Why Did 8 Million People Fail To Vote?

This election, journalists in Canada got distracted. Political spinmeisters set the agenda, and many journalists followed. Covering polls and PR stunts, we often missed election-worthy stories, alienating some voters.

The biggest issue — why a third of adults don’t vote — remains a mystery. Why did 78 per cent or more vote in Ottawa-Centre and Saskatoon-Grasswood, but only 55 percent in Calgary-Forest Lawn and Windsor West?

In 1958, 1962 and 1963, Canada’s population was half of today’s 35 million; our voter turnout was above 79 percent, according to Elections Canada. Voting is mandatory in 23 countries including Australia, where 94 percent voted last time. In Canada it’s voluntary.

Yes, we got 68 per cent of voters out, up seven from last time. Yet we didn’t find out why 8 million adults abstained. These non-voters are the single biggest “party” in Canada, trouncing the Liberals (6.9 million votes), Conservatives (5.6 million), NDP (3.4 million) and Greens (606,000). Are these 8 million abstainers too confused, alienated, overworked or traumatized to vote? Who are they? Shouldn’t we help them?

Reporting The Agenda, Not The Facts

Maybe we’re disconnecting potential voters. They might have high rents or mortgages, insecure employment or worrying personal debt, but we focussed on the national debt. Instead of discussing foreign ownership of Vancouver homes or Alberta oil fields, we opined about “old stock Canadians” and a traditional Islamic headscarf. Remember the recent hubbub over temporary foreign workers? Somehow they disappeared from headlines — while continuing to work and pay taxes, with no voting rights.

I suspect the abstainers don’t trust us. Why should they, when we have also lost faith in our owners and managers? Postmedia has devalued journalism by running front-page ads or unbalanced hit pieces in their papers. Is ad revenue worth the loss of respect and credibility, as well as subscribers? Truth is our stock in trade. If we can’t get this right, why should anybody pay for our work?

Globe and Mail editor-in-chief David Walmsley’s illogical editorial, urging us to vote for the Conservatives but not Harper, spawned ridicule on Twitter and at least 858 Facebook comments. For fun, try reading his acrobatic sentences aloud with a Monty Python accent.

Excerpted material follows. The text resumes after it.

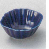
98-28-207 ネイビー楕円リンカ豆鉢 630円 8×6.8×3.7cm 09828207

TV networks annoyed us by running obnoxious ads that blatantly smear candidates like “Just-Not-Ready” Justin Trudeau, twice-elected MP for Papineau. Networks don’t allow tobacco companies to tell viewers that smoking is healthy. They should also reject attempts to misrepresent opponents. They can still earn revenue by allowing “sunny ways” ads.

We should transcend the notion that our reporting is somehow “balanced” by propagating lies from all sides. We didn’t have to play along with Harper’s “ka-ching, ka-ching” Price-is-Right gimmick, which misrepresented Trudeau’s platform. If we show videos that distort perceptions, we should also run subtitles citing the other side’s actual policies. Without reality checks, voters get confused and misled. No wonder 8 million people didn’t vote.

We also shouldn’t report polls as facts. Pollsters suggested the NDP, then the Tories, then the Liberals, would likely form minority governments. Only one polling company, Forum, predicted a Liberal majority. NDPers claim that a poll-addicted media built up a false narrative of the NDP as front-runners who then lost momentum. Conservatives feel likewise. We need to focus on problems and solutions, not horse races.

Forgetting The Expats

How many abstainers work overseas? The “foreign affairs” debate omitted a crucial issue: how the government treats veterans, expats and travelers. The Globe‘s Mark MacKinnon reported 1.4 million expats lost voting rights. Donald Sutherland’s rant generated more than 1,000 comments. But it wasn’t a campaign issue.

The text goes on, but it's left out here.